**Records supplied**
____

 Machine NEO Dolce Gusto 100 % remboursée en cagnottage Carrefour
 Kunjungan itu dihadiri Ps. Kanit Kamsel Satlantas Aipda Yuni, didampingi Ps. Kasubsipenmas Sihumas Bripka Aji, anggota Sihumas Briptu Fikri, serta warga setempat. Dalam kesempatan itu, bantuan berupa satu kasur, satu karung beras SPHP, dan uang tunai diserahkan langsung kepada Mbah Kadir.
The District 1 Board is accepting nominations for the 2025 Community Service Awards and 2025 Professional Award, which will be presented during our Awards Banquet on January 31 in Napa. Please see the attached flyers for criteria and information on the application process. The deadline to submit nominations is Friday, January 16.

____

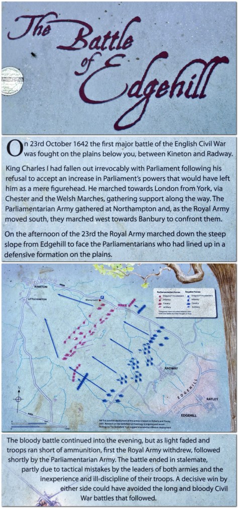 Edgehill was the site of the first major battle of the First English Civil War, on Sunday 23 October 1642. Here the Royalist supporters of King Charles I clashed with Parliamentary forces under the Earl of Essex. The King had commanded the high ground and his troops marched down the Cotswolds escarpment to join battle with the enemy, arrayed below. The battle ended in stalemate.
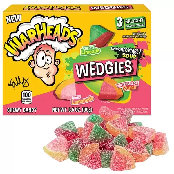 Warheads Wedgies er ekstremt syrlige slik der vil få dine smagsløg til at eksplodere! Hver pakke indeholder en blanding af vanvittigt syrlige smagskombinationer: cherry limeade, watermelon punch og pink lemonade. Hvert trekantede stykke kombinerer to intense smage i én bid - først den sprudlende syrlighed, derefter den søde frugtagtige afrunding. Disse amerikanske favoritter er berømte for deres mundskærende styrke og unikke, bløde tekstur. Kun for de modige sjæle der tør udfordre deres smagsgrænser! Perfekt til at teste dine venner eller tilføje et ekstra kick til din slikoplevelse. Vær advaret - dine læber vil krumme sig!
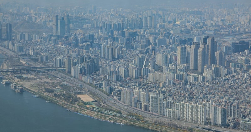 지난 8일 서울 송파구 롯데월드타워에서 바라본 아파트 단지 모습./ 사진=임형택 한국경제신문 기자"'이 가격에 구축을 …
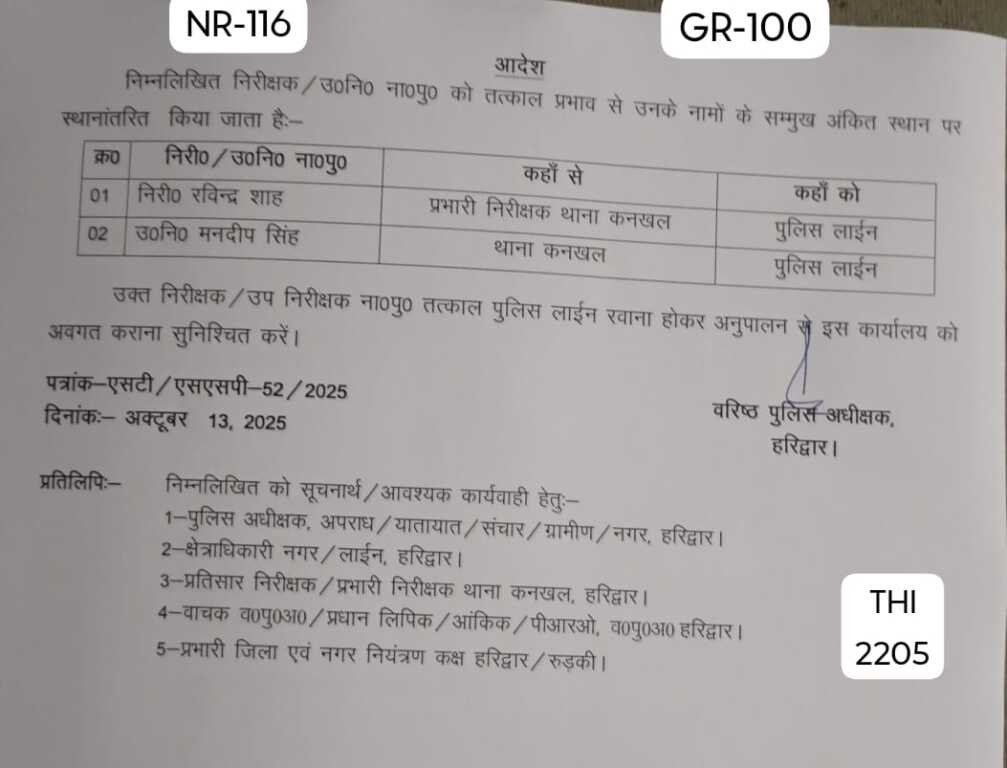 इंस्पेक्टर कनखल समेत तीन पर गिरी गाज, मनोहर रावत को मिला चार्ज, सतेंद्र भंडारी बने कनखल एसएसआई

____

When copying from the data above, print only the lines from the line containing "지난 8일 서울 송파구" to the line containing "इंस्पेक्टर कनखल समेत", exactly, and leave the pictures out.

**Task output**
 지난 8일 서울 송파구 롯데월드타워에서 바라본 아파트 단지 모습./ 사진=임형택 한국경제신문 기자"'이 가격에 구축을 …
 इंस्पेक्टर कनखल समेत तीन पर गिरी गाज, मनोहर रावत को मिला चार्ज, सतेंद्र भंडारी बने कनखल एसएसआई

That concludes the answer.